Sum of Degrees of Mean F-Ratio p-Value
OneWay ANOVA Table Squares Freedom Squares
Between Variation 51798469787.16 2 25899234893.58 81.16 < 0.0001
Within Variation 39886744509.71 125 319093956.08
Total Variation 91685214296.88 127

a) State explicitly (both using notation and words) the hypothesis that is being tested here, what the corresponding conclusion is, and why?
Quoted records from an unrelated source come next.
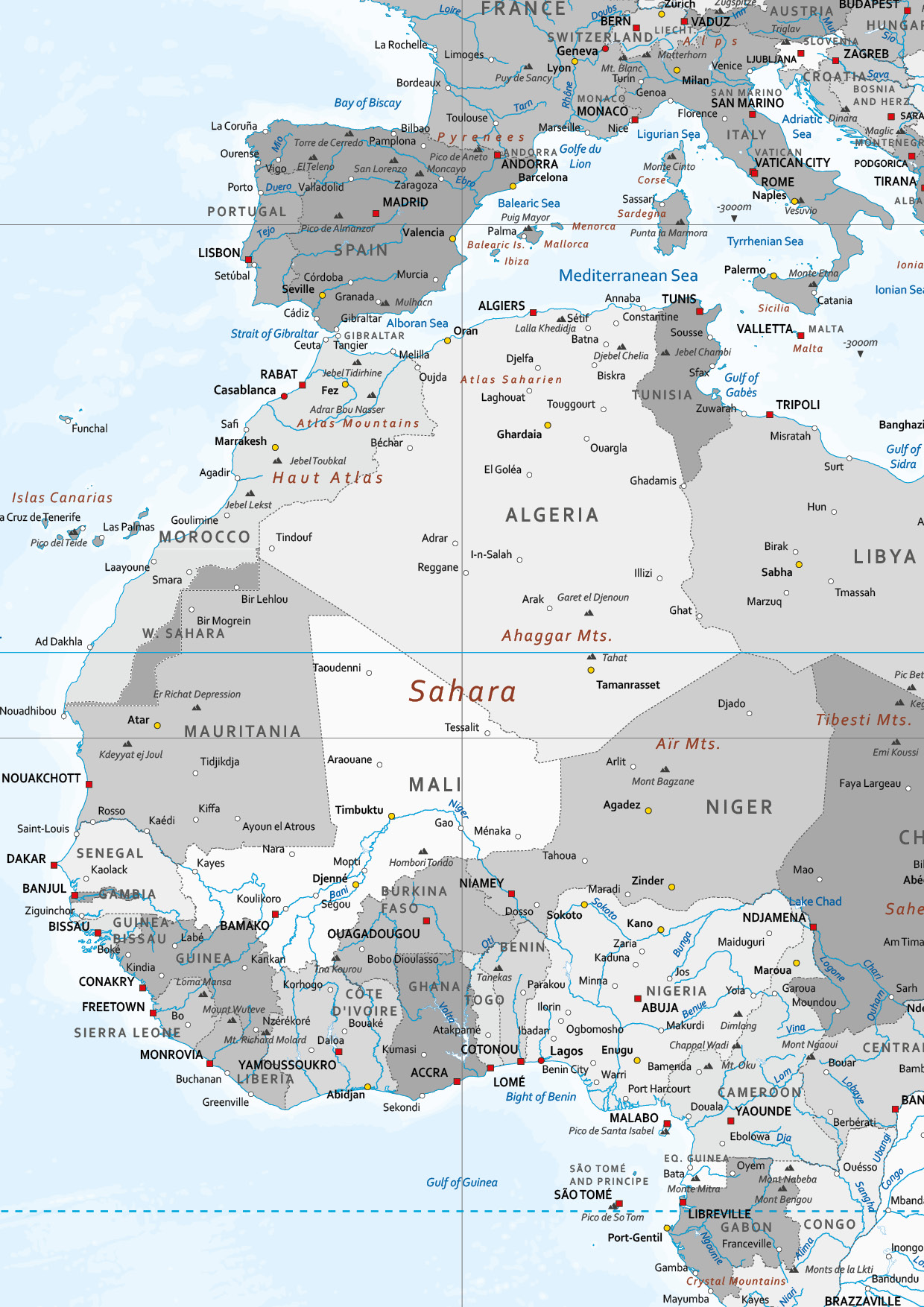 EPS files can also be delivered as .PDF or .AI files. More complex maps can be created on request.
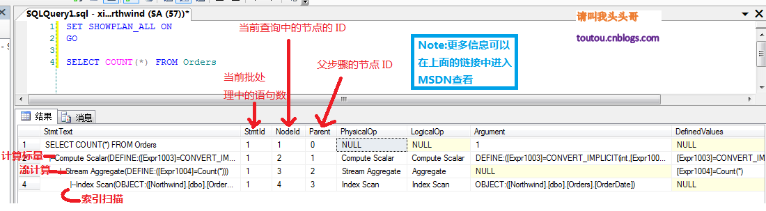 通過(guò)SET SHOWPLAN_ALL ON我們來(lái)看看COUNT()具體做了那些事情:
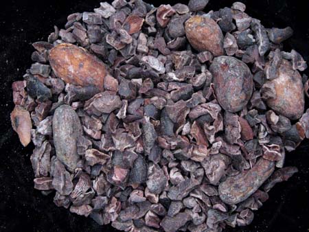 Raakakaakaota myydään Suomessa sekä kaakaonibseinä (kuvan hippuset) että kokonaisina kaakaopapuina. Molemmat ovat siis samaa tavaraa, nibsit ovat murskattuja papuja.
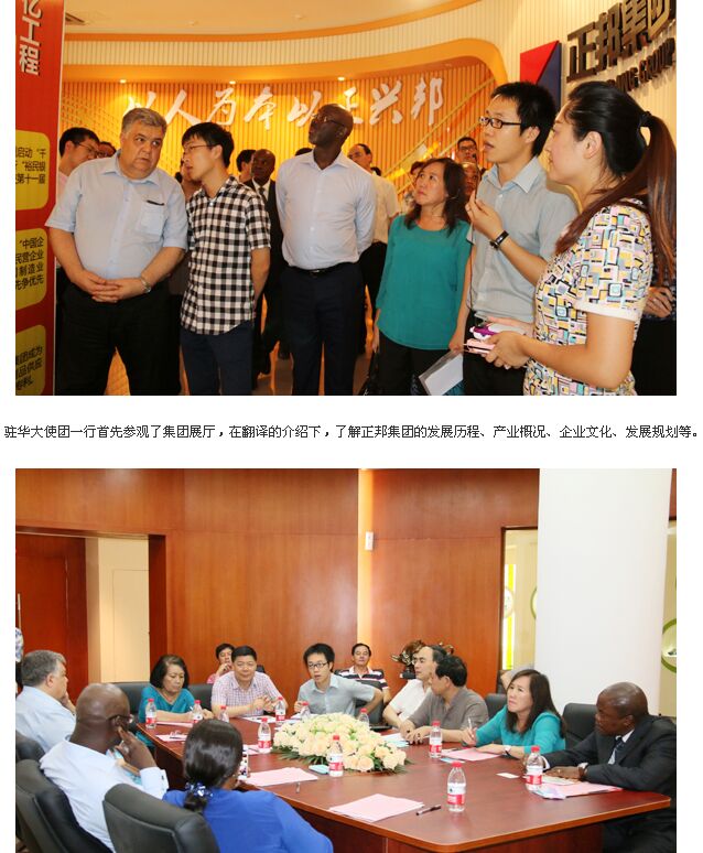 参观结束后,聂小洪与大使团成员进行了简短的座谈。聂小洪首先代表集团总裁林印孙对驻华大使团各位代表的到来表示欢迎。聂小洪介绍,正邦集团近年来不断发展壮大,并积极拓展海外业务,目前在加拿大、缅甸、埃及等国家进行了项目投资,正邦热忱欢迎国际友人前来考察指导,共谋发展。
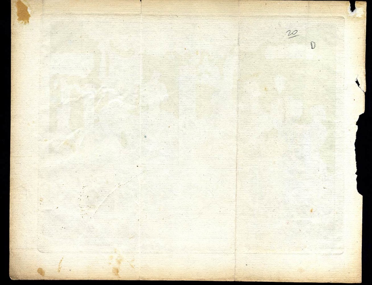 Esemplare in buono stato, con vivace coloritura d’epoca, mancanze al bordo sinistro del foglio e tracce di pieghe di pubblicazione, qualche breve strappo e qualche macchia.

Now consider a regression model with Neighborhood as an independent variable and Price as dependent variable. Clearly, you will need to add dummy variables for the three neighborhoods. Assuming that the reference level that you use for the dummy variables is Neighborhood 2, the regression equation will be of the form

Price = b0 + b1 * Neighborhood1 + b2 * Neighborhood3,

Where b0, b1, b2 are the regression coefficients, and Neighborhood1 is 1 for a property in neighborhood 1, 0 otherwise; and similarly, Neighborhood3 is 1 for a property in neighborhood 3, 0 otherwise.

b) What will be the estimates of the regression coefficients based on the ANOVA output shown above? Clearly explain the meaning of the coefficients. (Please note that if you answer this question by just running a new regression model, you are not answering the question the way I expect you to!)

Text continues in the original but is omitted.